Please give back the lines from the line containing "主动开展线上服务。疫情期间就" through the end of the listing below, exactly as written and without pictures.

+===+

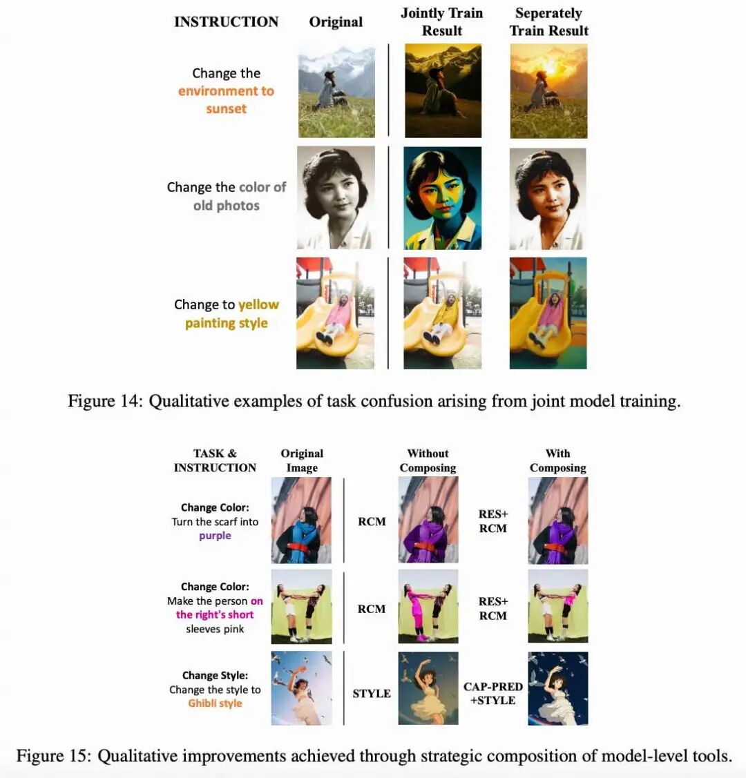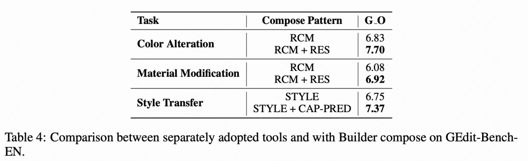 工具组合的有效性。 为了评估在 Lego-Edit 中显式工具组合的影响,本文检查了其在 GEdit-Bench 子任务中的表现。如下表 4 所示,将 RES 分割掩码与 RCM 集成提高了颜色改变和材料修改的 G O,突出显示了 RES 空间控制的优势。同样,将 CAP-PRED 文本描述纳入 STYLE 提升了风格迁移中的 G O,因为文本提示加强了风格化输出与源图像之间的语义对齐。这些结果表明,工具组合提高了性能,证实了 Lego-Edit 协调专用工具以实现卓越编辑性能的能力。
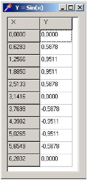 Приведем пример простой программы заполнения таблицы. Как и для демонстрации графических возможностей, обратимся к простой функции sin x и “затабулируем” ее на отрезке, равном периоду. Договоримся для простоты разбить отрезок на 10 равных частей.
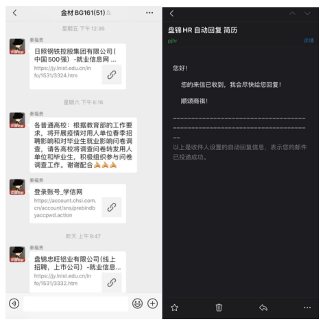 主动开展线上服务。疫情期间就业信息网主要通过“校园双选会”(红色)与“招聘信息”(蓝色)两个菜单栏发送招聘信息。红色偏向于工科专业,蓝色偏向于文科专业。学院第一时间传达就业信息网上各级各类关于疫情防控期间就业工作相关文件、通知等,便于毕业生及时全面了解情况,主动应对。
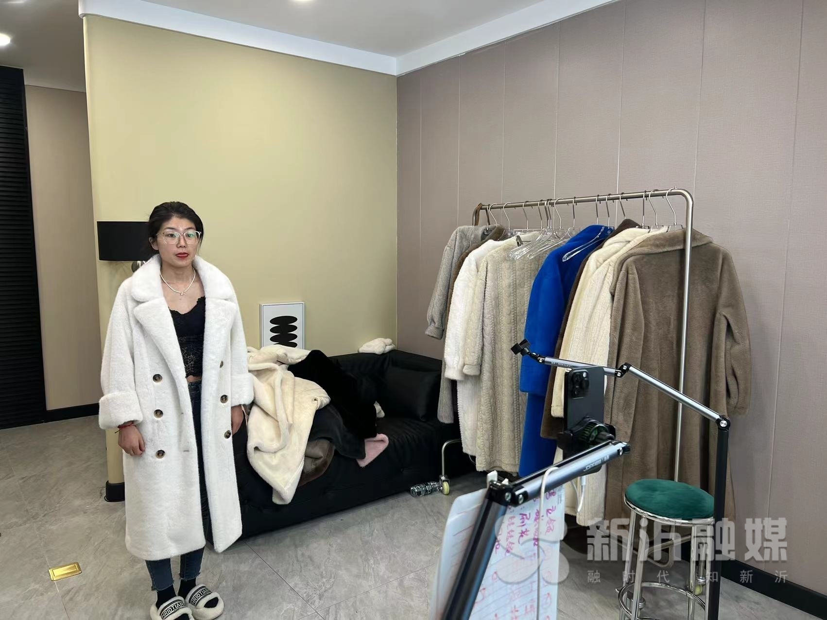在墨河皮草产业园的直播基地,一场线上带货直播正在进行,主播一边现场展示衣服的细节,一边在镜头前与观众互动,短短20分钟,就直播销售了近百件。
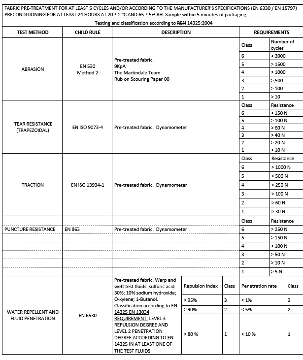 • For Type 6 garments, they must meet the requirements of the 7 movements, and for Type PB 6 garments, they must not be tested with the light spray test.

+===+

● ANSWER BELOW:
 主动开展线上服务。疫情期间就业信息网主要通过“校园双选会”(红色)与“招聘信息”(蓝色)两个菜单栏发送招聘信息。红色偏向于工科专业,蓝色偏向于文科专业。学院第一时间传达就业信息网上各级各类关于疫情防控期间就业工作相关文件、通知等,便于毕业生及时全面了解情况,主动应对。
在墨河皮草产业园的直播基地,一场线上带货直播正在进行,主播一边现场展示衣服的细节,一边在镜头前与观众互动,短短20分钟,就直播销售了近百件。
 • For Type 6 garments, they must meet the requirements of the 7 movements, and for Type PB 6 garments, they must not be tested with the light spray test.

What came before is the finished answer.